(AIM OF THE EXERCISE) Only the text of the records belongs in the answer; the pictures must be dropped.

RECORDS FOR THE TASK: Begin

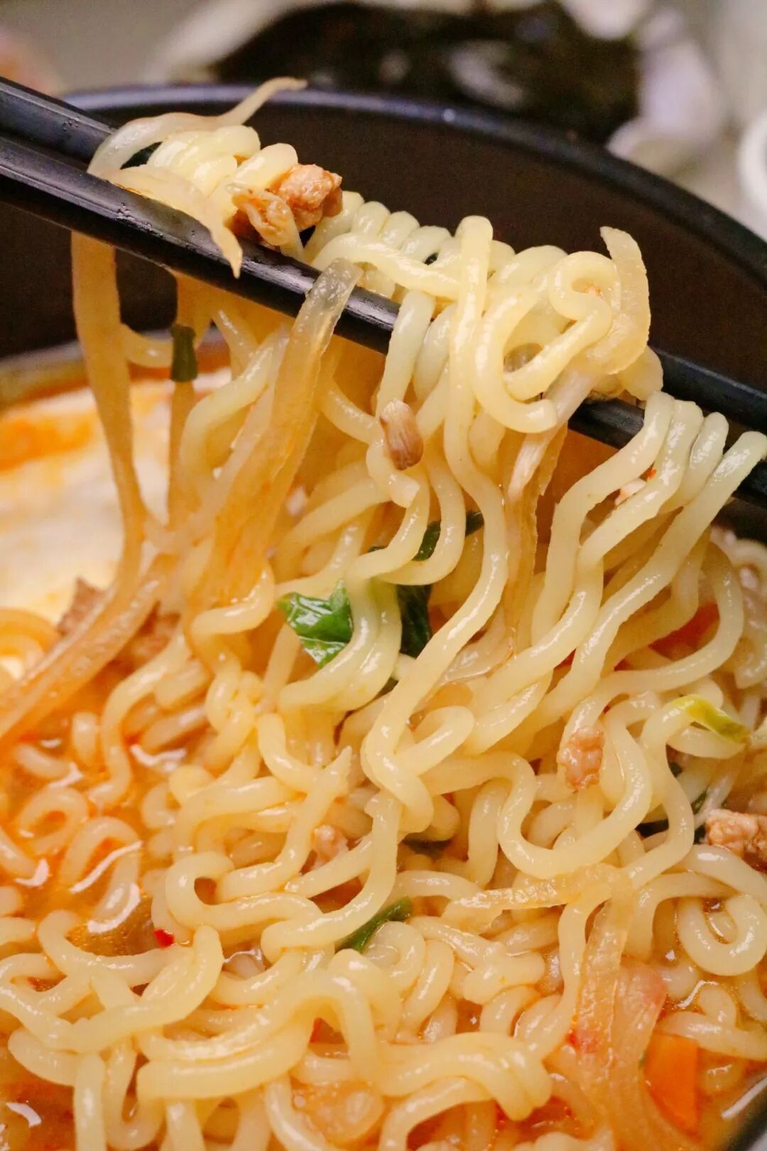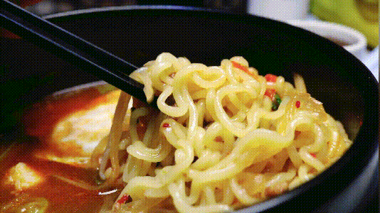 北北很喜欢辛拉面的汤底,辣中带着微酸,拉面吸饱了汤汁,吸溜一下唇齿生香,这种时候就顾不得矜持了!
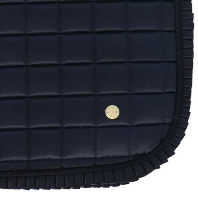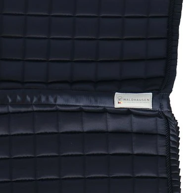 Elegant zadeldek in zijdelook met gerimpelde rand. Het wegglijden van het zadel wordt voorkomen met behulp van het aanslagkussen en de enkelvoudige of onderverdeelde singellus. De zweetabsorberende bamboevoering zorgt voor een bijzonder draagcomfort.
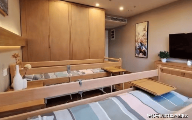 房间内,床头、马桶旁、淋浴区均安装紧急呼叫按钮,30秒内护理员响应;电动护理床可调节高度与角度,方便长者起身或卧床;衣柜采用圆角设计,避免碰撞伤害。公共区域,300多个高清摄像头覆盖走廊与活动室(房间内部不涉及隐私),人脸识别门禁系统防止陌生人进入;消防喷淋系统每4小时自动巡检,夜间门禁采用红外感应技术,监测到跌倒等异常情况立即报警。
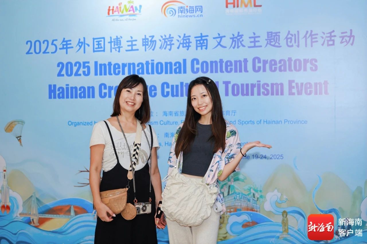 2025年外国博主畅游海南文旅主题创作活动报到日,日本博主世兰和母亲在展板前合影。
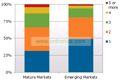 該報(bào)告還發(fā)現(xiàn),在成熟市場(chǎng)家庭平均擁有2.4臺(tái)電視,而在新興市場(chǎng)平均每戶為1.8臺(tái)。成熟市場(chǎng)中,超過(guò)三分之二的家庭有一臺(tái)以上電視,但在新興市場(chǎng)近一半的家庭只有一臺(tái)電視。鑒于平板電視持續(xù)推出新機(jī)種、價(jià)格益加實(shí)惠、以及消費(fèi)者對(duì)高品質(zhì)、大屏幕和高清晰度電視的消費(fèi)欲望,和成熟市場(chǎng)的消費(fèi)者一樣,越來(lái)越多的新興市場(chǎng)消費(fèi)者購(gòu)買(mǎi)平板電視(主要是液晶電視)來(lái)汰換他們現(xiàn)有的舊款式電視。
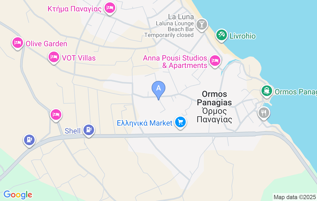 Ormos Apartments se află la aproximativ 850 m de plajă, și la aproximativ 900 m de centrul Ormos Panagias, unde se găsesc taverne și un mic magazin.
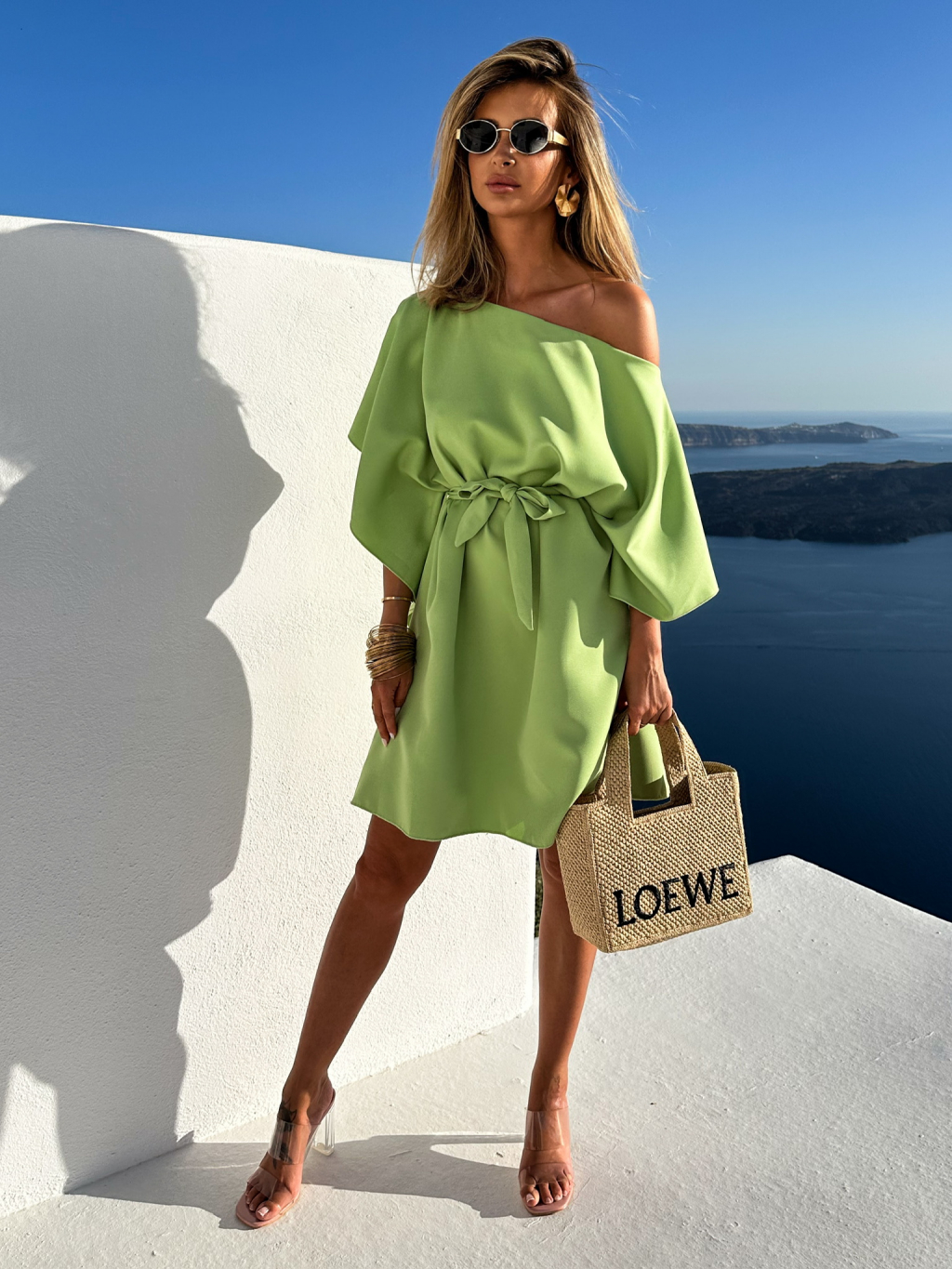 Svetlo zelené oversize elegantné zaväzovacie šaty GRANDIE
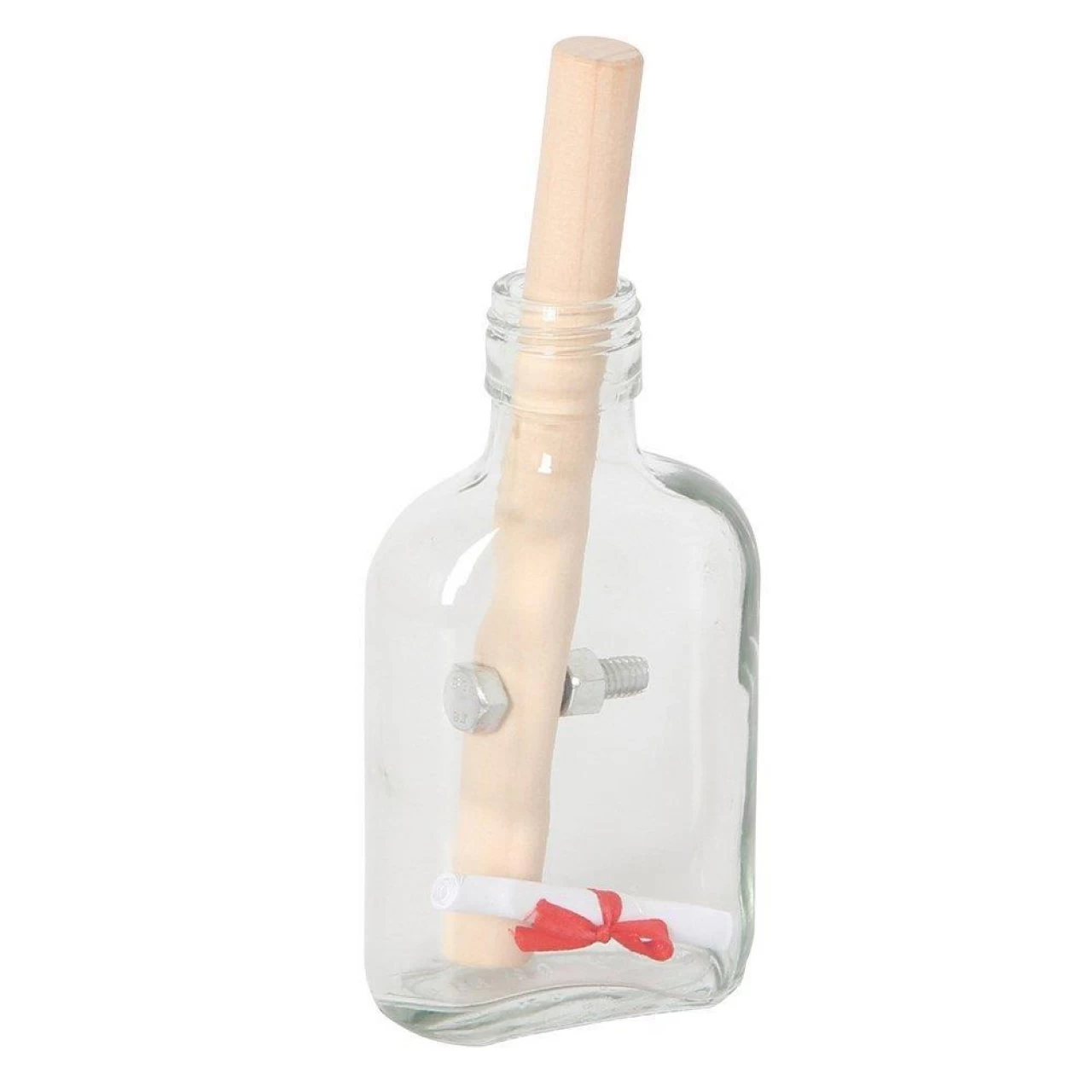 Spannendes Flaschenpuzzle. Mit Fingerspitzengefühl, Geduld und Know-How läßt sich die Flaschenpost befreien.
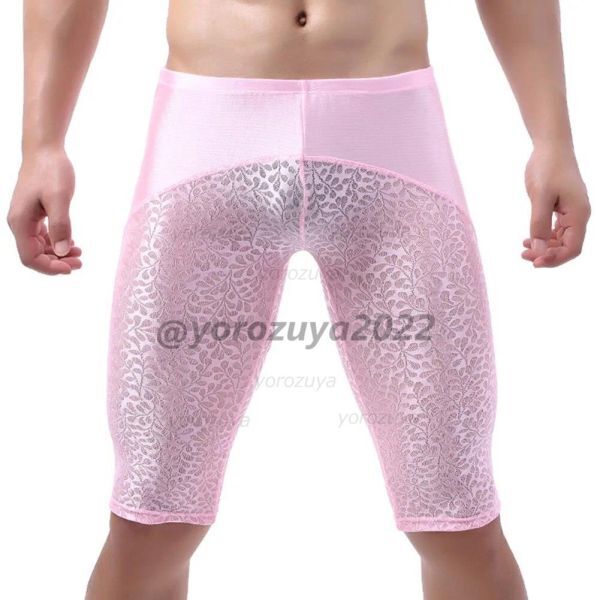 > 117-269-25 メンズ 光沢 艶々 メタリック ロングジョンズ パンツ【ピンク,Lサイズ】男性 ショーツ パンツ セクシー アンダーウェア.1
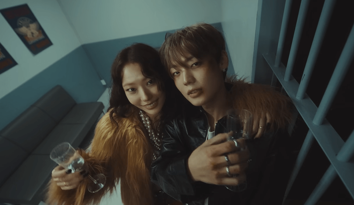 KANG YUCHAN plays a bad boy in the music video for Champagne Poppin’. At the police station after being arrested, KANG YUCHAN runs into the lead female character played by PARK HEE JUNG, who has also been arrested. They end up establishing a relationship in the short time they are held in the police cell, before somehow escaping and overpowering the officers. They then go on the run, taking an old storekeeper hostage in her shop and stealing money from the bank. Essentially, they become a modern-day Bonnie and Clyde. In the end, they celebrate their spree and their capture by the police. I liked the story, but thought the ending was pretty tame. I think more of their spree and them running off together would have been a good story (though it doesn’t fit the Bonnie and Clyde story).
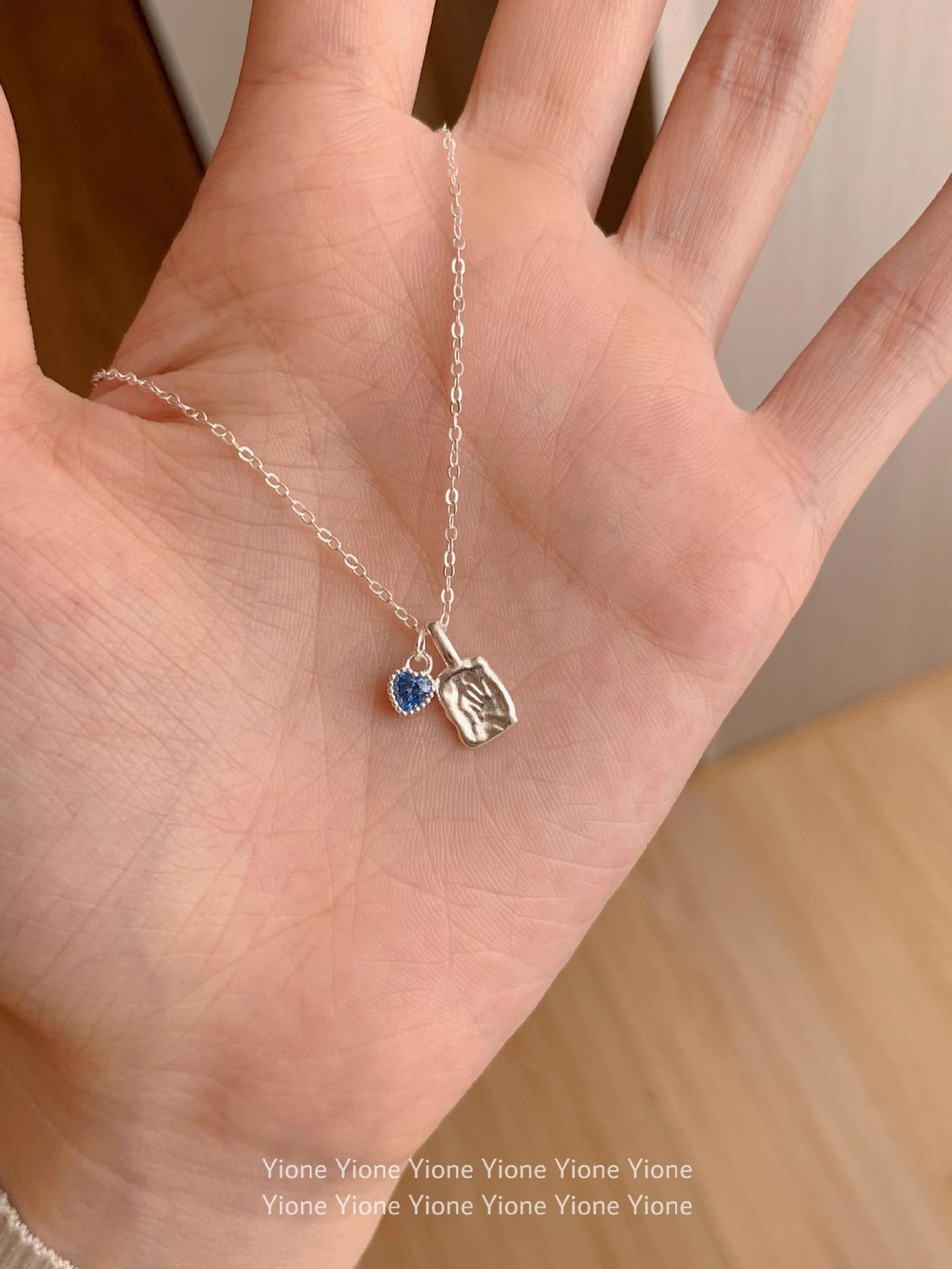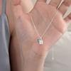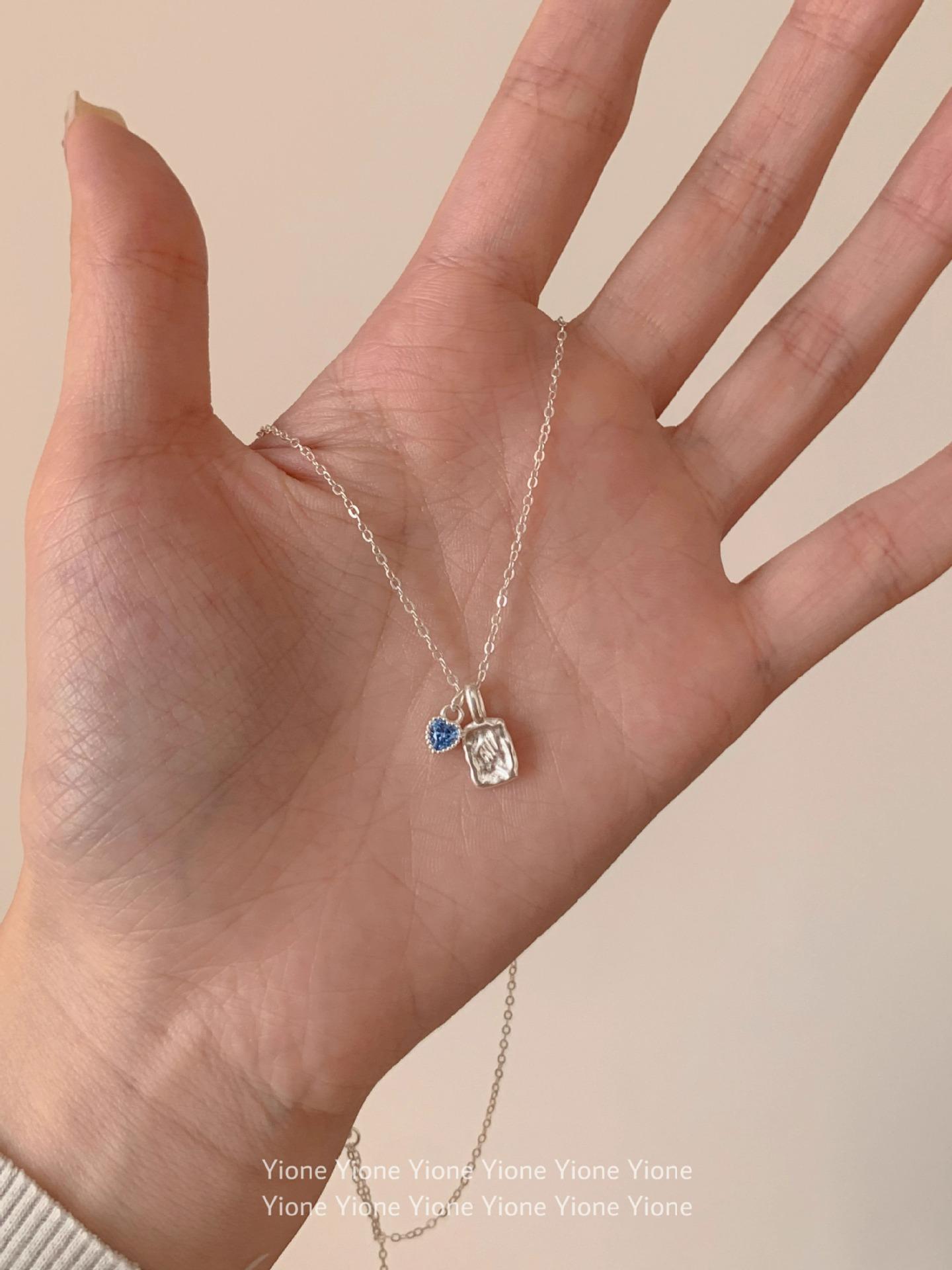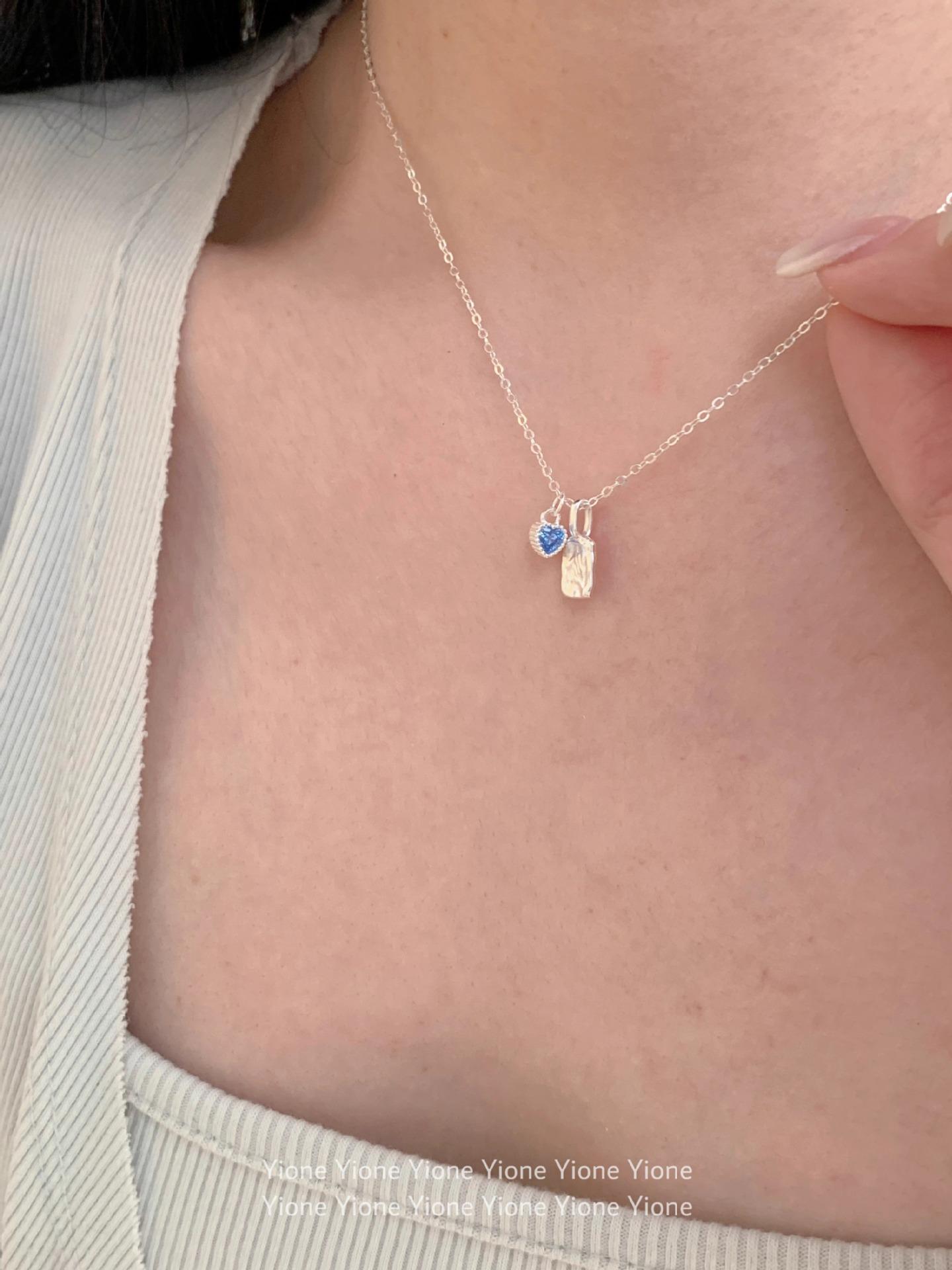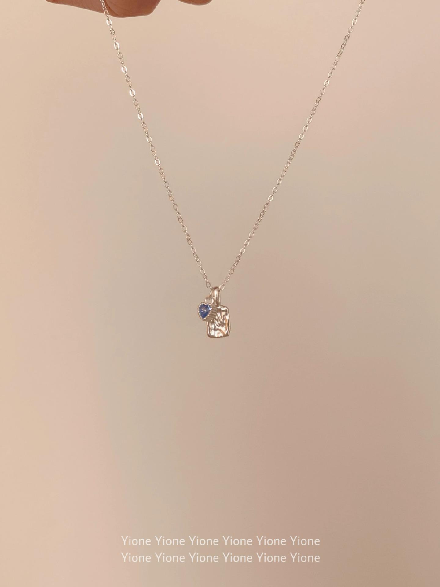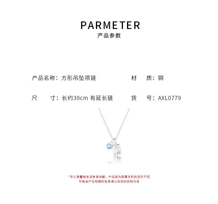 Collar con colgante cuadrado de textura irregular para mujer, sencillo y diario, con cadena de clavícula con circonita azul dulce y de gran sentido del amor.

RECORDS FOR THE TASK: End

(RESPONSE TO THIS TASK)
 北北很喜欢辛拉面的汤底,辣中带着微酸,拉面吸饱了汤汁,吸溜一下唇齿生香,这种时候就顾不得矜持了!
 Elegant zadeldek in zijdelook met gerimpelde rand. Het wegglijden van het zadel wordt voorkomen met behulp van het aanslagkussen en de enkelvoudige of onderverdeelde singellus. De zweetabsorberende bamboevoering zorgt voor een bijzonder draagcomfort.
 房间内,床头、马桶旁、淋浴区均安装紧急呼叫按钮,30秒内护理员响应;电动护理床可调节高度与角度,方便长者起身或卧床;衣柜采用圆角设计,避免碰撞伤害。公共区域,300多个高清摄像头覆盖走廊与活动室(房间内部不涉及隐私),人脸识别门禁系统防止陌生人进入;消防喷淋系统每4小时自动巡检,夜间门禁采用红外感应技术,监测到跌倒等异常情况立即报警。
 2025年外国博主畅游海南文旅主题创作活动报到日,日本博主世兰和母亲在展板前合影。
 該報(bào)告還發(fā)現(xiàn),在成熟市場(chǎng)家庭平均擁有2.4臺(tái)電視,而在新興市場(chǎng)平均每戶為1.8臺(tái)。成熟市場(chǎng)中,超過(guò)三分之二的家庭有一臺(tái)以上電視,但在新興市場(chǎng)近一半的家庭只有一臺(tái)電視。鑒于平板電視持續(xù)推出新機(jī)種、價(jià)格益加實(shí)惠、以及消費(fèi)者對(duì)高品質(zhì)、大屏幕和高清晰度電視的消費(fèi)欲望,和成熟市場(chǎng)的消費(fèi)者一樣,越來(lái)越多的新興市場(chǎng)消費(fèi)者購(gòu)買(mǎi)平板電視(主要是液晶電視)來(lái)汰換他們現(xiàn)有的舊款式電視。
 Ormos Apartments se află la aproximativ 850 m de plajă, și la aproximativ 900 m de centrul Ormos Panagias, unde se găsesc taverne și un mic magazin.
 Svetlo zelené oversize elegantné zaväzovacie šaty GRANDIE
 Spannendes Flaschenpuzzle. Mit Fingerspitzengefühl, Geduld und Know-How läßt sich die Flaschenpost befreien.
 > 117-269-25 メンズ 光沢 艶々 メタリック ロングジョンズ パンツ【ピンク,Lサイズ】男性 ショーツ パンツ セクシー アンダーウェア.1
 KANG YUCHAN plays a bad boy in the music video for Champagne Poppin’. At the police station after being arrested, KANG YUCHAN runs into the lead female character played by PARK HEE JUNG, who has also been arrested. They end up establishing a relationship in the short time they are held in the police cell, before somehow escaping and overpowering the officers. They then go on the run, taking an old storekeeper hostage in her shop and stealing money from the bank. Essentially, they become a modern-day Bonnie and Clyde. In the end, they celebrate their spree and their capture by the police. I liked the story, but thought the ending was pretty tame. I think more of their spree and them running off together would have been a good story (though it doesn’t fit the Bonnie and Clyde story).
 Collar con colgante cuadrado de textura irregular para mujer, sencillo y diario, con cadena de clavícula con circonita azul dulce y de gran sentido del amor.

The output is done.